Hi,
I found a small bug. Since this is part of a bundle, the macromates website asked me to report it here.
Summary: sort does not with euro symbol, and some other non-Latin characters.
Steps to reproduce 1. Open new text file. 2. Add text with a EURO symbol, e.g. aaa € bbb ¥ ccc $ ddd £ 3. sort the file with F5 (Text > Sorting > Sort lines in document)
I get the error: sort: string comparison failed: Illegal byte sequence sort: Set LC_ALL='C' to work around the problem. sort: The strings compared were `AAA \302\202\254' and `BBB ¥'.
Most non-Latin characters work fine. Just this one fails. If I save the file and simply run "sort test.txt" all is fine. Both in my shell and in TextMate, "echo $LC_ALL" return "en_GB.UTF-8".
Typing the following script in TextMate and "run script" works fine: echo "ccc\naaa€\nbbb" | sort
What would be different for the "Sort lines in document" (which simply calls "sort") and the above script?

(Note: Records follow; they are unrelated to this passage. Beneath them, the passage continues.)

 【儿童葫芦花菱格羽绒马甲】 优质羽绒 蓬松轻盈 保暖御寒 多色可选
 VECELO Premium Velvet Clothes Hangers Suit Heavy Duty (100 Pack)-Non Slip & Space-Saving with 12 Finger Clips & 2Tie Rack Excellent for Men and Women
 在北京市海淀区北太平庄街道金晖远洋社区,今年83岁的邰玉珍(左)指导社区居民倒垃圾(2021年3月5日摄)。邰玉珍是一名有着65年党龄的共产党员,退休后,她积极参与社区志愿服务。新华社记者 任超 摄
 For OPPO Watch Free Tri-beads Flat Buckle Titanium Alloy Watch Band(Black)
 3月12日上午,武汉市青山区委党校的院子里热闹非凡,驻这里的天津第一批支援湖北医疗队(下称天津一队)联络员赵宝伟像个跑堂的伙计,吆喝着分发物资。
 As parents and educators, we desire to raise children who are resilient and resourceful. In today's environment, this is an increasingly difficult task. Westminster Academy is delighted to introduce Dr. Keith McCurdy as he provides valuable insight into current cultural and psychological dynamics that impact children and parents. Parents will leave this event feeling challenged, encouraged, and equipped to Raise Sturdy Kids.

Any clue? Is this reproducible by others?
Regards, Freek Dijkstra
On 8/21/09 7:58 AM, in article 4A8EB617.3030900@macfreek.nl, "Freek Dijkstra" public@macfreek.nl wrote:
Steps to reproduce
- Open new text file.
- Add text with a EURO symbol, e.g.
aaa € bbb ¥ ccc $ ddd £ 3. sort the file with F5 (Text > Sorting > Sort lines in document)
I get the error: sort: string comparison failed: Illegal byte sequence sort: Set LC_ALL='C' to work around the problem. sort: The strings compared were `AAA \302\202\254' and `BBB ¥'.

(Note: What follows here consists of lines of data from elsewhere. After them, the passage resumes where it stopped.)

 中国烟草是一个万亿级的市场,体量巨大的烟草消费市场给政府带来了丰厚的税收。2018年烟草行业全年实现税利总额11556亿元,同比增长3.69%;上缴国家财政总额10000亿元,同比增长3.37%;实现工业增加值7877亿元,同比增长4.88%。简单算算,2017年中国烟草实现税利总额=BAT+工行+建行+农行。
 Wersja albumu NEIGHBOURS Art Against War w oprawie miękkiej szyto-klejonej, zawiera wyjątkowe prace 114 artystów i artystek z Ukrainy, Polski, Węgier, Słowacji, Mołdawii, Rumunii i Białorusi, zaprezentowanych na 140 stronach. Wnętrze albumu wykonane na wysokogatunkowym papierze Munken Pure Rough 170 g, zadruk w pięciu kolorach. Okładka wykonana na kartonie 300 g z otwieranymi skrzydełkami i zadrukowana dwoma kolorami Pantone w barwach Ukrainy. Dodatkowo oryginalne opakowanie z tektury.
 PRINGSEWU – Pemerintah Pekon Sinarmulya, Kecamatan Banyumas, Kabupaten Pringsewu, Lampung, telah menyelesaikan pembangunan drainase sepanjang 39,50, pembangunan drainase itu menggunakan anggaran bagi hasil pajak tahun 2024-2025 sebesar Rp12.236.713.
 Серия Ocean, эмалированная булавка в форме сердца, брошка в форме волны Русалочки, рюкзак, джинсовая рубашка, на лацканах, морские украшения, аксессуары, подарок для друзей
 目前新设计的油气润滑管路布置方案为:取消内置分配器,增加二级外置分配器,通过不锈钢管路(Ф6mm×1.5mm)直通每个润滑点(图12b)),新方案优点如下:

Most non-Latin characters work fine. Just this one fails. If I save the file and simply run "sort test.txt" all is fine. Both in my shell and in TextMate, "echo $LC_ALL" return "en_GB.UTF-8".

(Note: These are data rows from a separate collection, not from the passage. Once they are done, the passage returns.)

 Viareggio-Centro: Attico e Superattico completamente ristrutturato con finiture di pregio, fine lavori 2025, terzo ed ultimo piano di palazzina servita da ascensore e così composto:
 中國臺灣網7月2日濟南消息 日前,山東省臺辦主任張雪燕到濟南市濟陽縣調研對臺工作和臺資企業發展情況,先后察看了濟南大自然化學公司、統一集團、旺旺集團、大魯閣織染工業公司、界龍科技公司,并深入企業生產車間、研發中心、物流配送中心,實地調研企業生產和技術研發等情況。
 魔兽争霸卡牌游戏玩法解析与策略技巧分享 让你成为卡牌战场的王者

I tried your "steps to reproduce" and couldn't reproduce. :) The text sorted fine for me. I changed "aaa" to "fff" to make sure it really *was* sorting and it was.
On my machine, $LC_ALL has no value. However, I notice that in my environment (type "set" at the command line), LANG=en_US.UTF-8, and in my TM shell environment, LC_CTYPE=en_US.UTF-8. Perhaps it is one of these that you need to set.
Also make sure that in TM's Advanced pref pane the default file encoding is set to UTF-8...?
Just an idea. Sorry if it doesn't help. m.
On 21 Aug 2009, at 16:58, Freek Dijkstra wrote:
I found a small bug. Since this is part of a bundle, the macromates website asked me to report it here.
Summary: sort does not with euro symbol, and some other non-Latin characters. […]
This is a limitation of the locale files included with Leopard.
Snow Leopard has more complete locale files, so here it works as expected.
What would be different for the "Sort lines in document" (which simply calls "sort") and the above script?
We call sort with ‘-f’ to “fold case” (so A < b < C etc.), this is why sort need to reference the locale info, which is not required if you don’t do any case folding.
I am not sure if we need to address this, given that the problem is fixed with Snow Leopard and the input causing the problem should be rare, plus the only fix I can think of would be to test if sort fails and if so, call it again without case-folding. hmm… I probably will end up spending a few minutes seeing if I can do a quick fallback fix :)